##### DATA FOR ANALYSIS #####

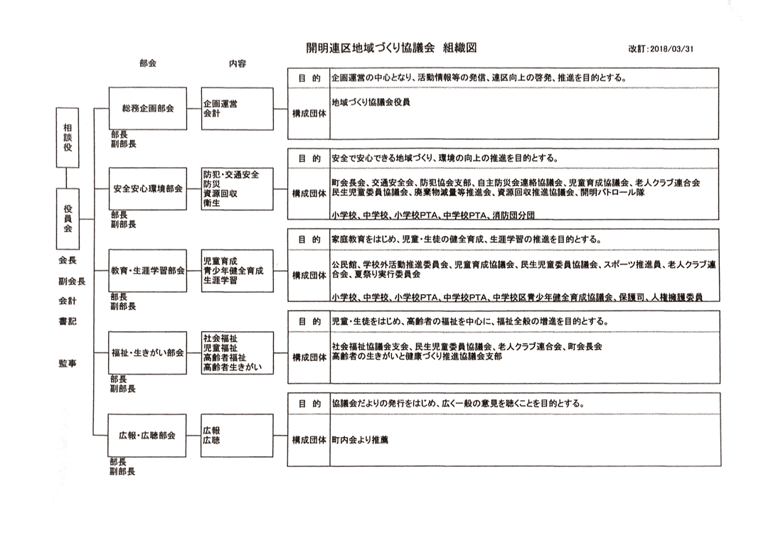 開明連区の地域づくり協議会の組織図は、次のようになっています。
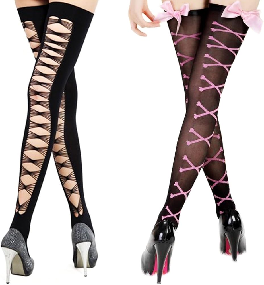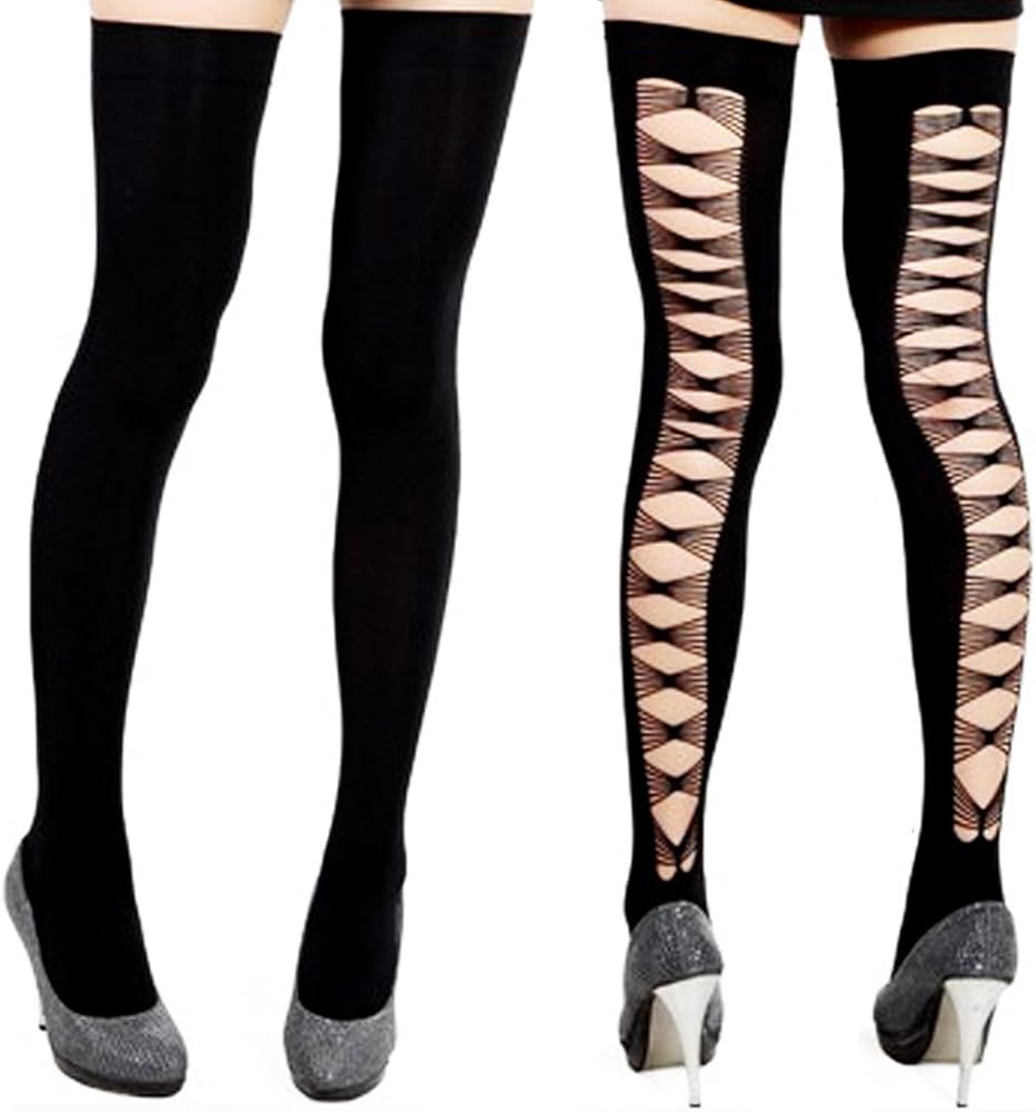مجموعة أربطة الفخذ السوداء من كيلوفلي [مجموعة من زوجين] - ظهر شبكي متقاطع وعقدة فيونكة
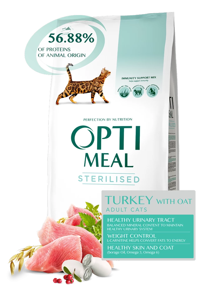 Optimeal per gatti sterilizzati e femmine con tacchino e avena – alimento super premium per gatti sterilizzati e femmine, prodotto sotto controllo veterinario. La ricetta unica per la salute e la bellezza del vostro animale contiene ingredienti di carne selezionati, erbe utili, bacche, antiossidanti naturali e prebiotici.
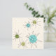 This customisable Iconic Atomic Starbursts Invitation pattern features iconic atomic starbursts. That’s right! The old school, cream coloured background with gold speckles is the perfect backdrop for the vibrant turquoise, soothing celery, and kitschy pear green coloured circles. The spots of colour are sporadically placed in various sizes with overlaying black V shaped lines to form the mod sputnik starbursts. Styled after a 1950’s dish pattern, this retro inspired design has everything you need to be truly mid century modern. Personalise the opposite side with your party specifics.
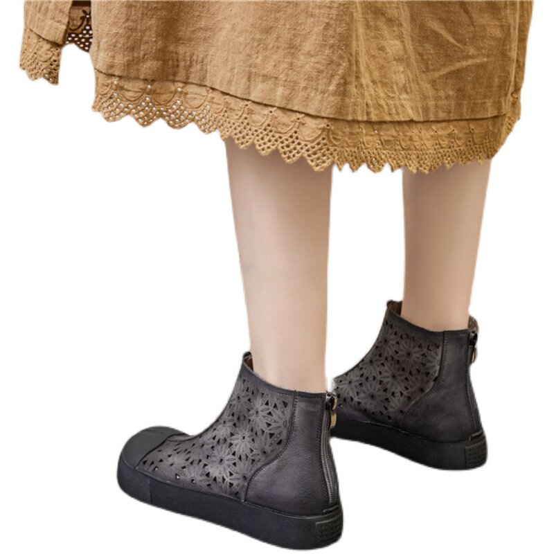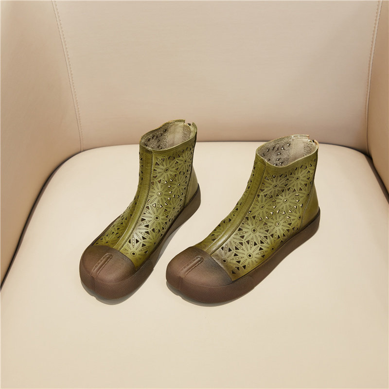 淘宝259复古擦色民族风坡跟凉鞋女高帮真皮镂空洞洞短靴包头妈妈凉靴
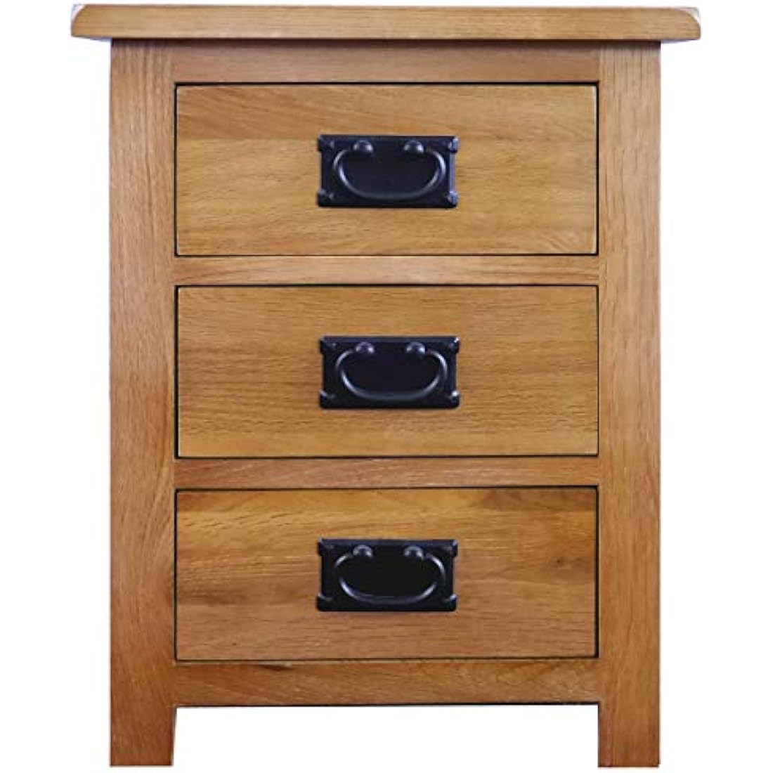 Aurotrice OAK Bedside Table 3 Drawers, NC Paint Cabinet, OAK MDF Board & Hardwood W:42 D:32 H:56 CM

#####

ASSIGNMENT: From the first line through the line with "مجموعة أربطة الفخذ", output those lines of the entries above exactly, and nothing else, with the pictures left out.

RESPONSE TO THE EXERCISE:
 開明連区の地域づくり協議会の組織図は、次のようになっています。
مجموعة أربطة الفخذ السوداء من كيلوفلي [مجموعة من زوجين] - ظهر شبكي متقاطع وعقدة فيونكة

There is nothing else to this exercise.